Rules<-rules[quality(rules)$confidence>0.6]
visualisation the top 19 rules:
Here we can see the plot of 19 rules which their confidence is more than 0.6.
plot(Rules)
inspect(sort(Rules, by = "support")[1:2], linebreak = FALSE)
## lhs rhs
## [1] {JUMBO BAG PINK POLKADOT} => {JUMBO BAG RED RETROSPOT}
## [2] {GREEN REGENCY TEACUP AND SAUCER} => {ROSES REGENCY TEACUP AND SAUCER}
## support confidence coverage lift count
## [1] 0.02946255 0.6268657 0.04699978 7.260672 546
## [2] 0.02919275 0.7829233 0.03728686 18.530185 541
“JUMBO BAG RED RETROSPOT” is the most popular item in the our online shop. this product most often is appears together with “JUMBO BAG PINK POLKADOT” (546 transactions).
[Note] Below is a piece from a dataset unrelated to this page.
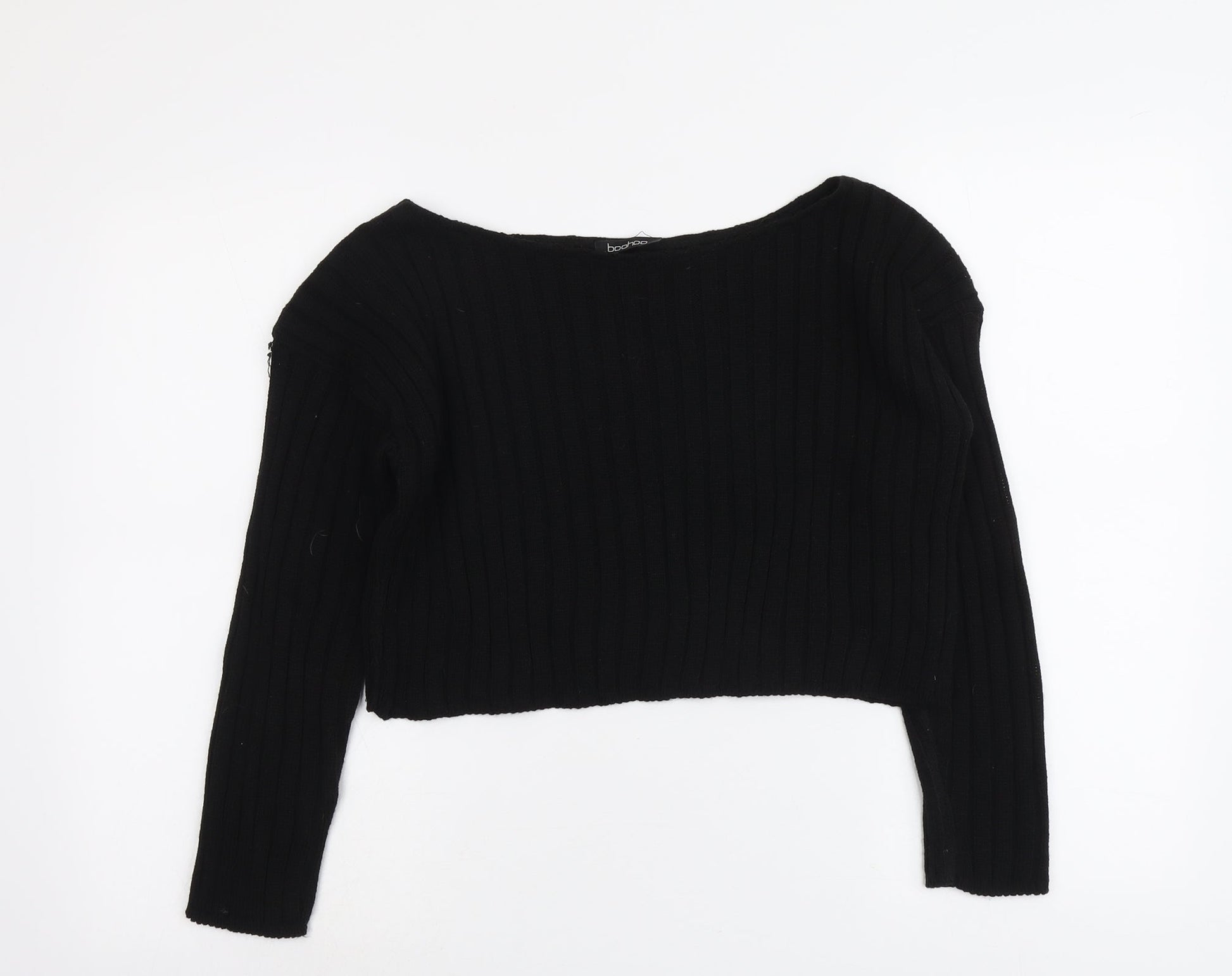Boohoo Womens Black Round Neck Acrylic Pullover Jumper Size L

Other rule with the highest support indicate that “ROSES REGENCY TEACUP AND SAUCER” is being willingly bought with “GREEN REGENCY TEACUP AND SAUCER” (2.3% of all transactions).
inspect(sort(Rules, by = "confidence")[1:2], linebreak = FALSE)
## lhs
## [1] {PINK REGENCY TEACUP AND SAUCER, ROSES REGENCY TEACUP AND SAUCER} =>
## [2] {GREEN REGENCY TEACUP AND SAUCER, PINK REGENCY TEACUP AND SAUCER} =>
## rhs support confidence coverage lift
## [1] {GREEN REGENCY TEACUP AND SAUCER} 0.02104468 0.8944954 0.02352687 23.98956
## [2] {ROSES REGENCY TEACUP AND SAUCER} 0.02104468 0.8478261 0.02482193 20.06630
## count
## [1] 390
## [2] 390
Rules for our data with the highest confidence show that if customer buys {PINK REGENCY TEACUP AND SAUCER, ROSES REGENCY TEACUP AND SAUCER}, s/he will also buy {GREEN REGENCY TEACUP AND SAUCER} with the probability of 89%.
inspect(sort(Rules, by = "lift")[1:2], linebreak = FALSE)
## lhs
## [1] {GREEN REGENCY TEACUP AND SAUCER, ROSES REGENCY TEACUP AND SAUCER} =>
## [2] {PINK REGENCY TEACUP AND SAUCER, ROSES REGENCY TEACUP AND SAUCER} =>
## rhs support confidence coverage lift
## [1] {PINK REGENCY TEACUP AND SAUCER} 0.02104468 0.7208872 0.02919275 24.02785
## [2] {GREEN REGENCY TEACUP AND SAUCER} 0.02104468 0.8944954 0.02352687 23.98956
## count
## [1] 390
## [2] 390
Lift for this rules is close to 25>1 which show us it is more likely if we choose {PINK REGENCY TEACUP AND SAUCER} then choose {GREEN REGENCY TEACUP AND SAUCER, ROSES REGENCY TEACUP AND SAUCER}. and the same interpretation for other rule.
In conclusion, Market Basket Analysis has helped uncover valuable patterns and associations within our data, which can be used to inform strategic decisions such as product placement, and promotional campaigns. Further analysis and interpretation of the association rules may lead to actionable insights for optimizing sales and enhancing customer experience.